L'ANNUNCIO DEL PRESIDENTE ZUMA

Nelson Rolihlahla Mandela è morto ieri a 95 anni nella sua casa di Johannesburg. Era nato il 18 luglio 1918 a Mvezo, un villaggio del Transkei (Sudafrica orientale), da una nobile famiglia della grande etnia Xhosa. Suo padre era il capovillaggio. Il suo vero nome fu Rolihlahla, che in lingua Xhosa significa «colui che provoca guai». Il nome Nelson gli fu affibbiato dalla sua insegnante elementare il primo giorno di scuola: «Devi avere un nome inglese» gli disse. Finito il liceo, Mandela si iscrisse all'università di Fort Hare, la sola riservata ai neri. Lì conobbe Oliver Tambo per tanti anni suo compagno di lotte. E insieme a Tambo Mandela fu espulso per motivi politici. Tornato al villaggio natale scoprì che la famiglia, secondo le usanze tribali, gli stava organizzando un matrimonio.

LA FUGA

Non volendo offendere le tradizioni ma deciso a sposare chi voleva lui, fuggì a Johannesburg dove trovò un lavoro come guardiano notturno. Di notte lavorava e di giorno studiava fino a diventare avvocato. Intanto frequentava quei politici che si battevano contro il potere bianco. Uno di loro Walter Sisulu divenne suo mentore e nel 1944 Mandela sposò la cugina di Sisulu, Evelyn. Intanto era entrato a far parte dell'Anc, l'African National Congress, il partito dei neri. E fu lui, con Tambo e Sisulu, a fondarne il movimento giovanile. L'Anc era nel mirino di polizia e servizi segreti, tanto da dotarsi di una struttura clandestina di cui Mandela fu uno dei capi. Così, nel 1956, egli fu arrestato con l'accusa di alto tradimento. Il processo andò avanti fino al 1961 e si risolse con un'assoluzione piena. Nel frattempo Mandela aveva divorziato dalla prima moglie e sposato una compagna di lotta, Winnie. Fu nello stesso anno che l'Anc venne messa fuori legge e fece la scelta della resistenza armata. Il capo del movimento armato la «Lancia della nazione» era lui, Nelson.

L’ARRESTO

Espatriò clandestinamente per partecipare a Addis Abeba al grande congresso dei leader neri. Al suo ritorno, era il 1962, fu di nuovo arrestato per espatrio clandestino. Ma fu nel 1963, con l'arresto dei vertici dell'Anc, che lui e tutti gli altri furono accusati di sovversione e tradimento e condannati all'ergastolo.
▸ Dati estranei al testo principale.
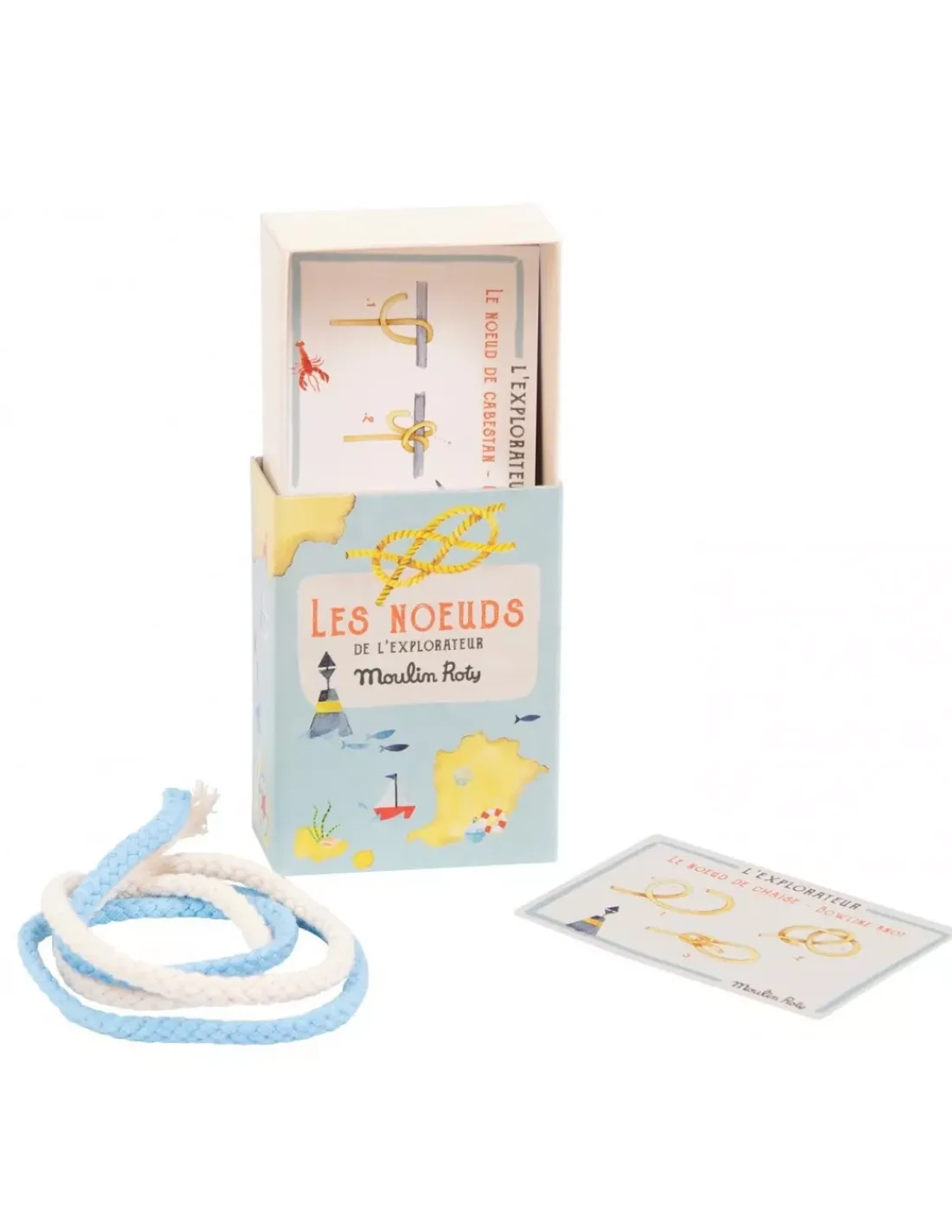 Découvrez le coffret les noeuds marins de la collection Le jardin du Moulin de Moulin Roty, un coffret pour apprendre à faire des noeuds avec des cordes.

Furono tutti trasferiti nella durissima prigione di Robben Island. Più volte il governo razzista bianco cercò un accordo con colui che in tutto il mondo stava diventando un simbolo. Nel 1976 e nel 1986 gli fu offerta l'amnistia, a patto che rinunciasse alla lotta. La sua risposta fu un netto rifiuto. La sua salute però peggiorava, nel 1988 fu ricoverato in ospedale per tubercolosi. Ma il mondo stava cambiando, dal 1989 i governanti sudafricani ebbero dei colloqui con lui, colloqui che portarono il presidente Frederick De Klerk ad annunciare nel 1990 la libertà politica.

LA LIBERTÀ

Era ormai il tempo, dopo oltre 27 anni di carcere, l'11 febbraio 1991, Mandela era un uomo libero. Insieme a De Klerk iniziò a studiare la fine dell'apartheid, il che portò entrambi al Nobel per la Pace del 1993. Un anno dopo, con le libere elezioni, l'Anc trionfò (62%) e Mandela divenne presidente del Sud Africa: la grande, nobile idea del neopresidente fu la Commissione per la Verità e la Riconciliazione. Lì, davanti al Paese, chi aveva commesso crimini razziali doveva confessarli. Nessuno gli avrebbe fatto nulla ma le vittime, la storia e la verità sarebbero state risarcite, almeno moralmente. Furono anni di grandi speranze e fatiche quelli della sua presidenza, durata fino al 1999. Nel 1999, non più capo dell'Anc, non più presidente, Mandela era un privato cittadino. Ma Madiba, come lo chiamavano tutti, usando il termine Xhosa con cui si onora l'anziano del clan, non si fermò. Aveva intanto divorziato da Winnie per motivi politici ufficiali e personali privati ed aveva trovato una nuova compagna in Graça Machel, la vedova del presidente del Mozambico. Girava il Paese e il mondo per lottare contro le ingiustizie, le malattie, il sottosviluppo. Ora che il padre della patria sudafricana non c'è più l'Africa intera lo piange. Ma a noi piace ricordarlo con i versi del poeta inglese Wlliam Ernest Henley, che recitava in carcere e che recitò al capitano della squadra sudafricana di rugby, quando il Paese vinse quei mondiali che videro bianchi e neri festeggiare per la prima volta insieme. La poesia si chiama Invictus, come il titolo del bel film a lui dedicato, e si conclude così: «Io sono il padrone del mio destino. Io sono il capitano della mia anima».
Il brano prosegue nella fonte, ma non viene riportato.